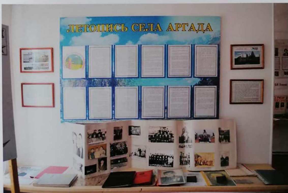
Отдел истории села
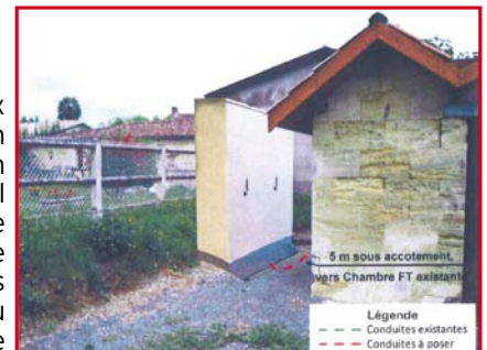
Implantation en centre bourg d'une armoire électrique ADSL Bi-dslam

La première sur le territoire, la mairie de Haux vient de recevoir une demande d'autorisation de Gironde haut débit pour la réalisation d'un ouvrage. Entre le 15 février et le 15 avril 2010, route du Grand Chemin sur la placette en face de la mairie, une armoire électrique ADSL Bi-dslam, deux coffrets EDF et quelques câbles seront installés pour le passage du haut débit vers les habitants de la commune jusque-là bien mal desservis. Viendra ensuite le plan de déploiement, la commune de Loupes qui accèdera au haut débit depuis Fargues St-Hilaire via Bonnetan.
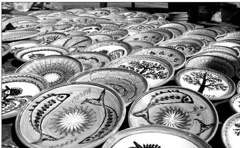
Taiere de Horezu expuse la târgul sibian
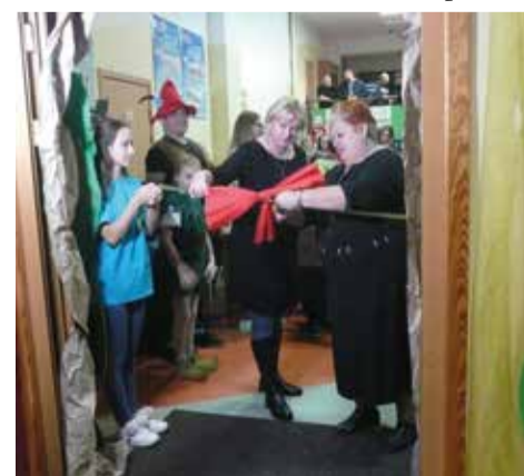
Wydarzenie rozpoczęło przecięcie wstęgi przez Dyrektora SP w Gostyni oraz Wójta Gminy Wiry
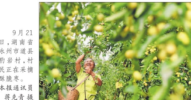
9月21日,湖南省永州市道县豹岩村,村民正在采摘酥脆枣。
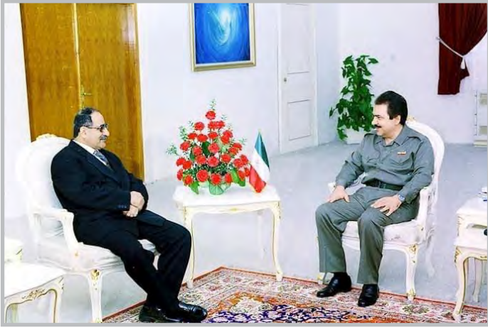
کاک جهلیل و مهسعوود ره جهوی
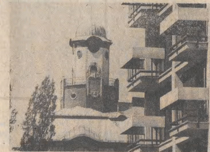
Stara i nowa Łódź w obiektywie A. Wacha.

„Jugendturist” nie jest w stanie wysłać kolejnej grupy młodzieży NRD do Badenii-Wirtembergii, ani też przyjąć tamtejszych grup u siebie. Odpowiedzialność za tego rodzaju historię antykomunistyczną spada całkowicie na władze zachodniemieckie.
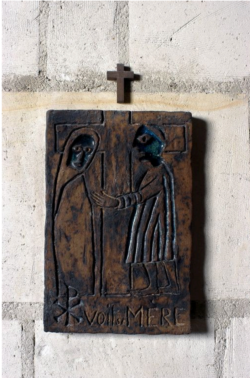
Station du chemin de croix.
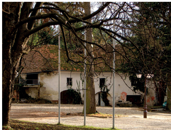
Grajska pristava pred obnovo.

Umetnostnozgodovinska pričevalnost ormoškega območja je zastopana na razstavi izbranih srednjeveških plastik, ki sodijo med vrhunske umetnine romanskega in gotskega sloga. Arheološka razstava popelje obiskovalca v prazgodovinsko obdobje (11.–1. stoletje pr. n. št.), ki je v Ormožu zapustilo mnoge najdbe, saj je bila tukajšnja prazgodovinska naselbina celo med večjimi naselbinami v Evropi. Stopnišče, ki vodi v prvo nadstropje, približa obiskovalcu še najdbe iz starejše in mlajše železne dobe ter manjšo etnološko razstavo lončarskih izdelkov iz preteklega stoletja. 4

______________________________

> _ACTIVITY_
Print only the lines from the first line of the data above through the one containing "Implantation en centre", exactly as they are, with pictures omitted.

> _TASK RESULT_
Отдел истории села
Implantation en centre bourg d'une armoire électrique ADSL Bi-dslam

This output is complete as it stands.